Enterprises that didn’t pay much attention to CloudOps are now running into a wall as they deploy more applications and data stores to the cloud. This includes net-new cloud native applications as well as lift-and-shift applications.
The Two Main Challenges: Where We’re Failing
The difficulty with CloudOps comes from two different directions, which feed into one another:
Growing Complexity
First, complexity slows or stops cloud-based workload deployments and operations. Informally, this is called the “complexity wall.” This is the result of several years of rapid movement to public cloud providers, including multicloud.

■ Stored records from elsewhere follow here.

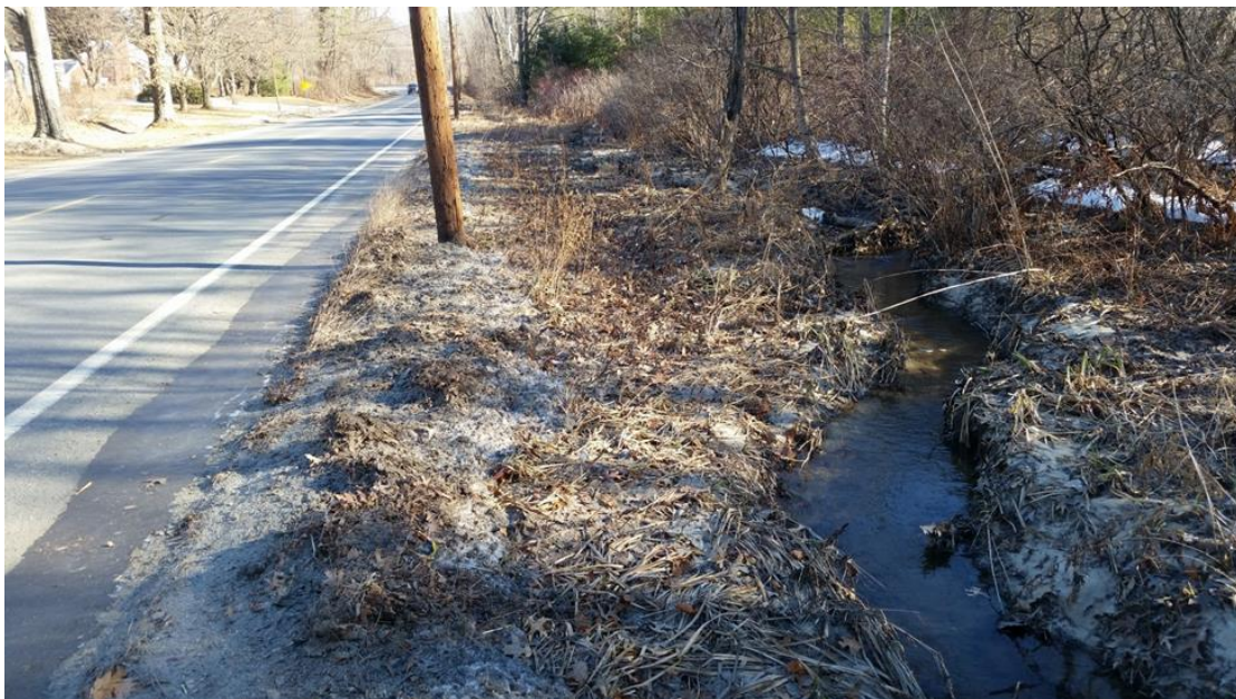
Perennial stream running along Montague City Road, February 2018

Responses due to Montague Selectboard Office no later than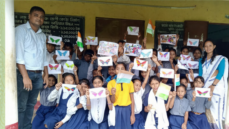
DEMONSTRATING SELF MADE COLLAGE IN PRESENCE OF MENTOR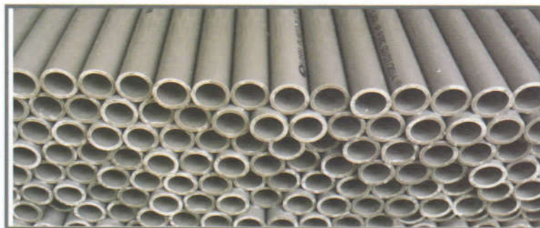
AW and AE uPVC Pipe.

Class VP(AW) pipes are commonly used for factory or industrial application in conjunction with pumps and mechanical plants. Class VU(AE) pipes are used as cable ducting flush pipes, air conditioning water discharge outlet and fume exhaust system.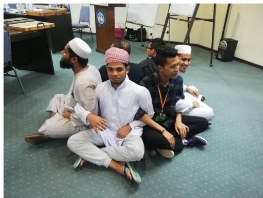
Refresher training at FRHAM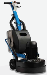
GRINDERS & POLISHERS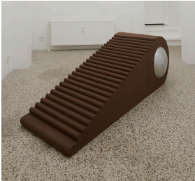
Who is your Wedge, 2024 Wood, cork paint, aluminum 190 x 66.5 x 64.5 cm Ørskov door stopper design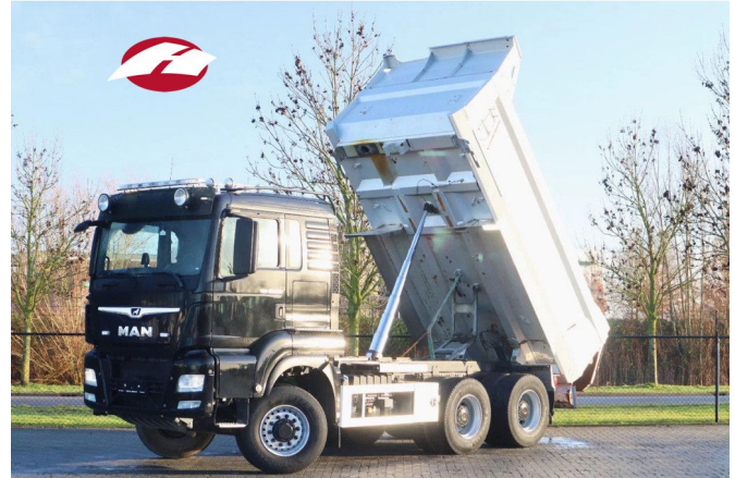
MAN TGS 26.500 6X4 | 6X6 | HYDRODRIVE | BIG AXLES | ...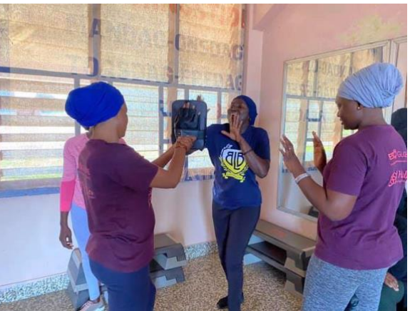
Participants practicing physical techniques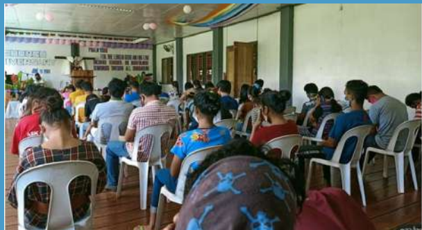
17 th church anniversary celebration in Lacolac

We are excited for the four families with whom we assisted in their farming livelihood projects (small backyard piggery, small backyard poultry, vegetable gardening such as bitter melon, eggplant, sweet potato, and cassava). Each project is now helping each family make both ends meet.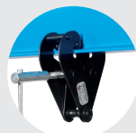
BEAM CLAMP FOR SHOWS BCA MODEL Pag. 123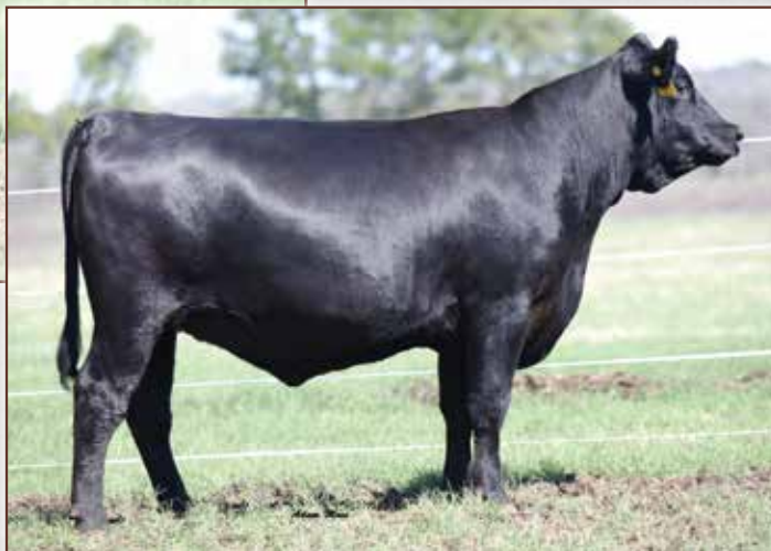
Pine Tree Fireproof 403 / Lot 17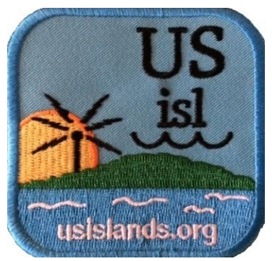
US Islands Patch

Members can come up and try out Yaesu's new FT-891 and Diamond's new HFV5 antenna on the island. The W/VE QSO party is open to all club members. We will giving out US Island patches to members who make island contacts this year from our club station.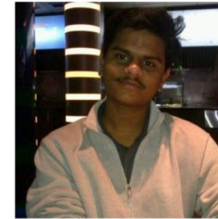
SAI AKASH HUMAN RESOURCES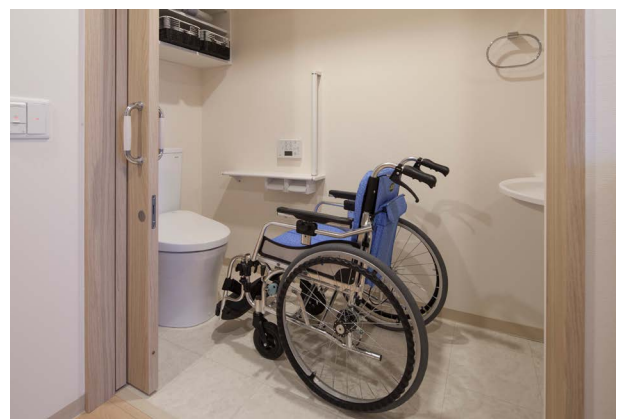
Suitable for Life in a Wheelchair

the one room units common to elderly residences, various room types up to a 2LDK are available depending on the property to provide a unique life suitable for each resident. Furthermore, the living environment has been built for the ease of use by elderly people, such as the height settings for switches and other equipment and the adoption of easy-to-clean materials and dimensions.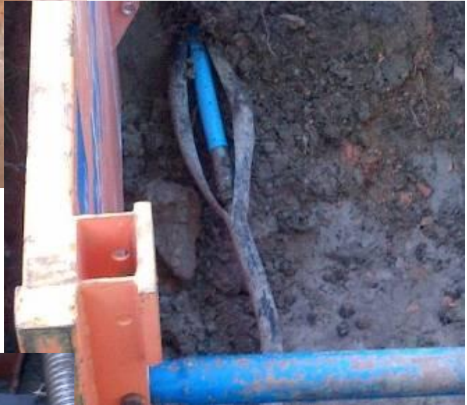
→ The old pipe is cut into two halves and the new (blue) pipe is pulled in.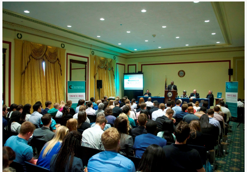
Drug-Free World event in the House of Representatives on synthetic drugs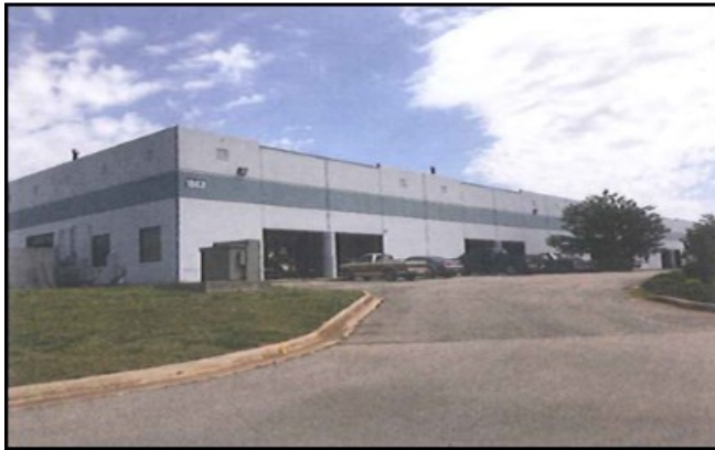
Located in the Center of Huntsville's Growth Corridor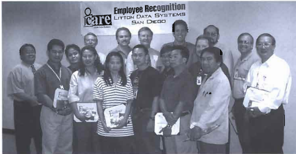
Pictured above are the latest ICARE winners from San Diego.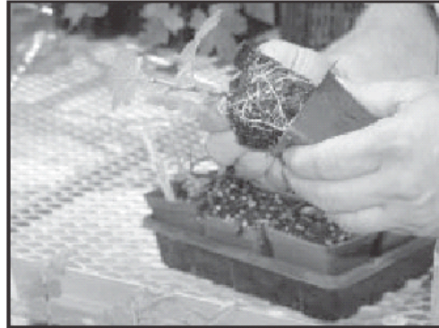
Inspection of newly rooted gooseberry cuttings.

additional hormone. Some of these species are the ground covers and shrubs. Other species will require low to medium concentrations of hormone and a few will need high concentrations for best rooting. A word of caution on hormone, "more is not always better." In the references concentrations will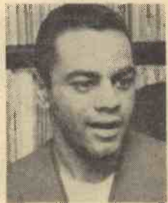
MATHIS — A hit?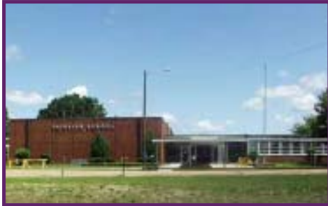
Fairview Elementary 225 Airline Road Columbus, MS 39702

The Aerospace & Science Magnet School at Fairview Elementary offers a high quality academic program infused with Math and Science education. A research-based Science Exploration Lab will offer students an opportunity for in-depth studies of physical science, earth science, and life science. Research shows math and science education are critical components to prepare students to compete in a global workforce.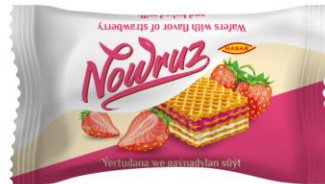
"Nowruz" wafers with baked milk and strawberry flavor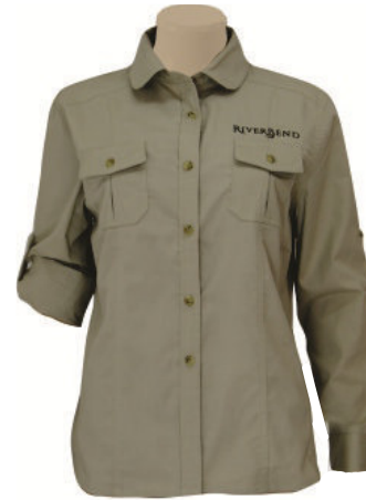
AT787 - LADIES BUSH SHIRT WITH A ROUNDED COLLAR LS - from R397.00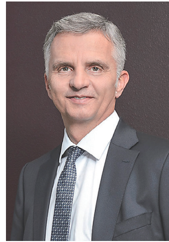
President Didier Burkhalter of the Swiss Confederation

This anniversary year is an auspicious opportunity to underscore the extent and strength of our relationship, and it will be marked in both countries with a series of outstanding events and a number of high-level political visits. In Japan, Swissdays, a multifaceted four-day event to be held in Roppongi Hills will officially launch the celebrations in the presence of H.E. Didier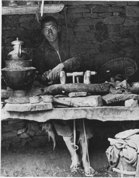
FIG. 37. — Foot-operated traditional lathe used for finishing wooden bowls. The bowls are initially shaped in India on water driven lathes and then brought to Limi to finish in summer. In Limi the bowls are glued on the ends of the horizontal bar which is moved back and forth by the feet and sanded with various grades of locally made « sandpaper ». The sandpaper is made from strips of leather on which sand of different degrees of coarseness has been glued.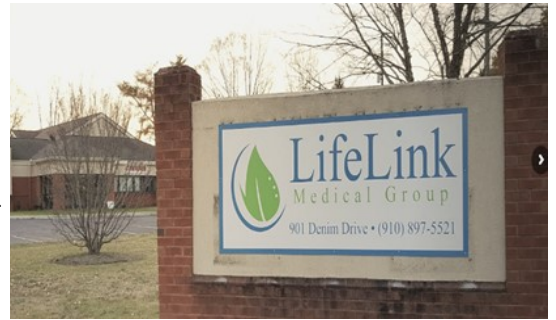
LifeLink Medical Group sign outside of their office building.

LifeLink's providers were engaged, asking pertinent and relevant questions. A fol-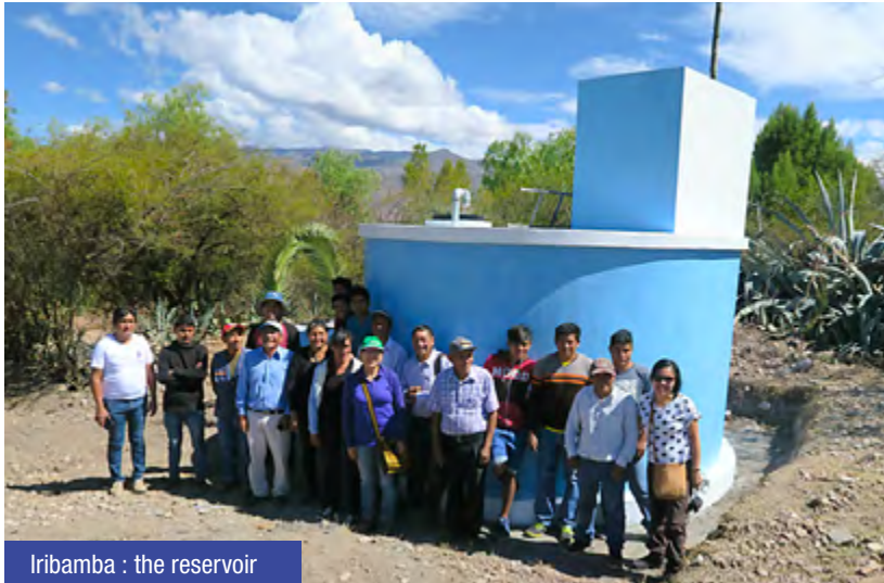
Iribamba : the reservoir

Iribamba, Huanta, August 5. We were inaugurating a major project: the trenches dug for the pipes were more than 10 km long. The pride of the Iribamba farmers who worked hard to complete the project could be seen in their eyes. It also had a ripple effect, since the neighbouring village of Azángaro seemed ready to repeat Iribamba's community work effort in order to also gain permanent access to drinking water.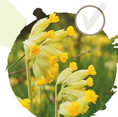
Cowslip See it: April–May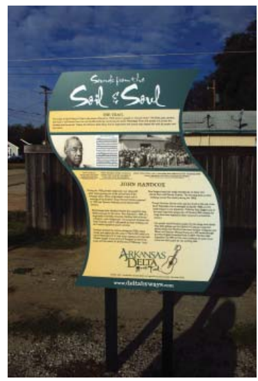
Interpretive marker from 2009 project.

Each wayside panel that features a specific genre of music could have its own look. For instance the blues panels could feature a blue frame or perhaps a panel background color as was done with the Civil War Helena interpretation. On the Union signs the panel background was light blue, the Confederate panels were gray and the civilian panels are tan. Something similar could be done with the musical genres to set them apart.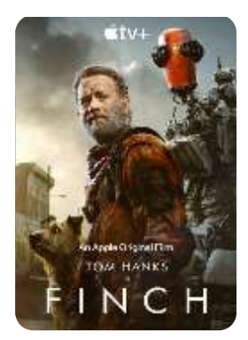
Finch (AKA: Bios) (Apple TV+) 11/5/21 - Select Theatrical/ Streaming Official Trailer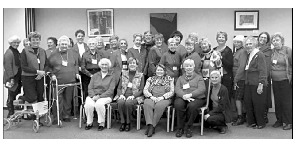
Members of the Woman's Club of Westminster all dressed in red for Heart Health Month in February 2013.

We received a $50 membership grant from GFWC and are excited to use it as part of our "GFWC—Girl Friends Wine Club." We wanted to find a way for our members and friends to have a relaxing evening together to discuss many other topics that affect us. We often have so much business to conduct at a meeting that we lose site of other matters around us that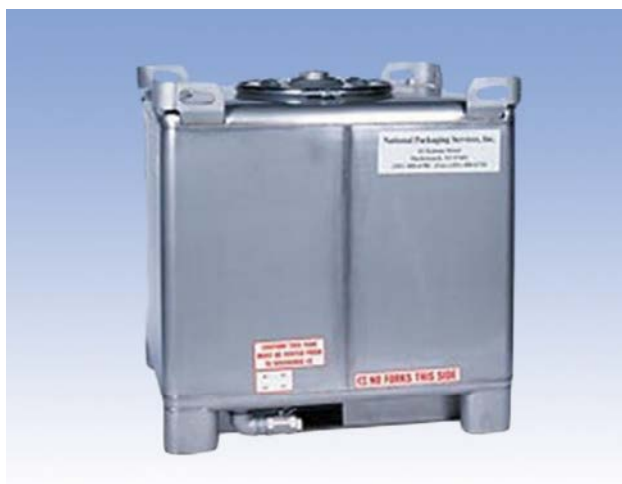
Figure 3 shows typical metal IBCs. These may be used for solvents of any Flash Point or conductivity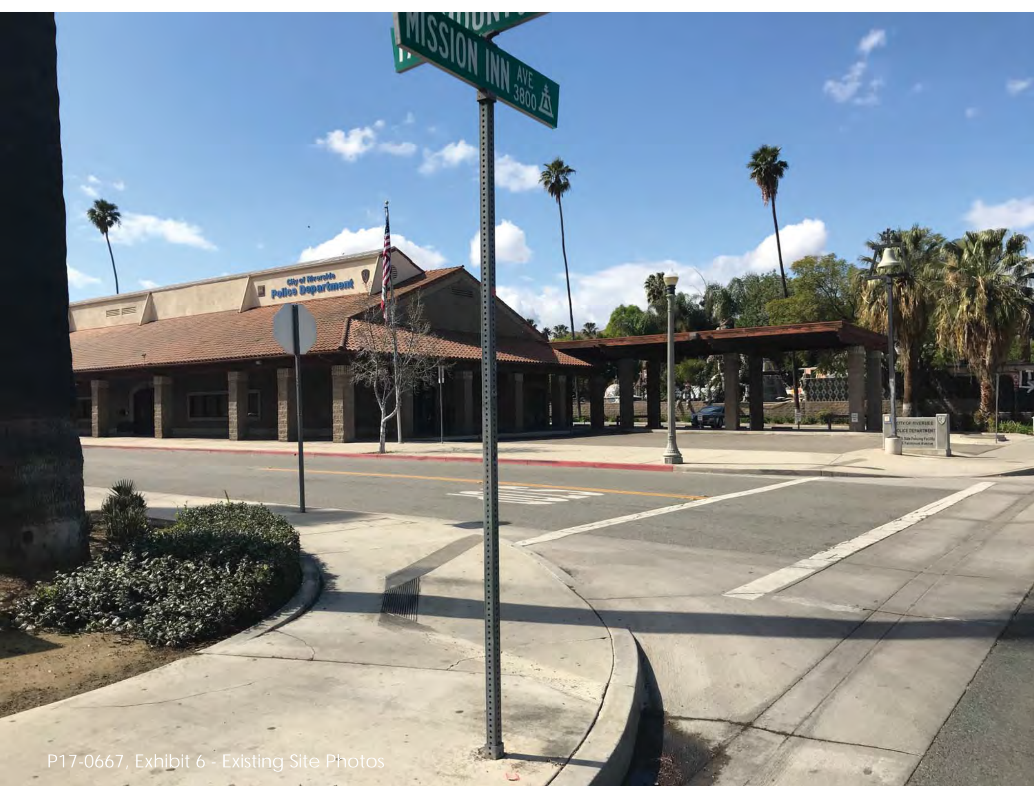
P17-0667, Exhibit 6 - Existing Site Photos

The problem is that movement typically took place without regard for the use of common services such as security and monitoring systems. Everyone provisioned whatever they thought was best-of-breed for their solution. So the number of technology stakes grew to a point that no enterprise can pay for the number of skills and tooling needed to operate these systems. In other words, the amount of complexity made them too costly and too risky to operate in their current state.
Consider this report entitled Bridging the Cloud Transformation Gap that evaluates the findings of Aptum’s Global Cloud Impact Study. Some 62 percent of respondents cited complexity and abundance of choice as a hindrance when planning a digital transformation that leverages cloud.
Lack of Planning
Second, CloudOps should have specific planning in place before the migrations and development take place. The typical enterprise moves to the cloud with no idea as to how they will operate those applications and handle the data once they are there. The lack of planning also causes too much complexity due to a lack of ongoing coordination.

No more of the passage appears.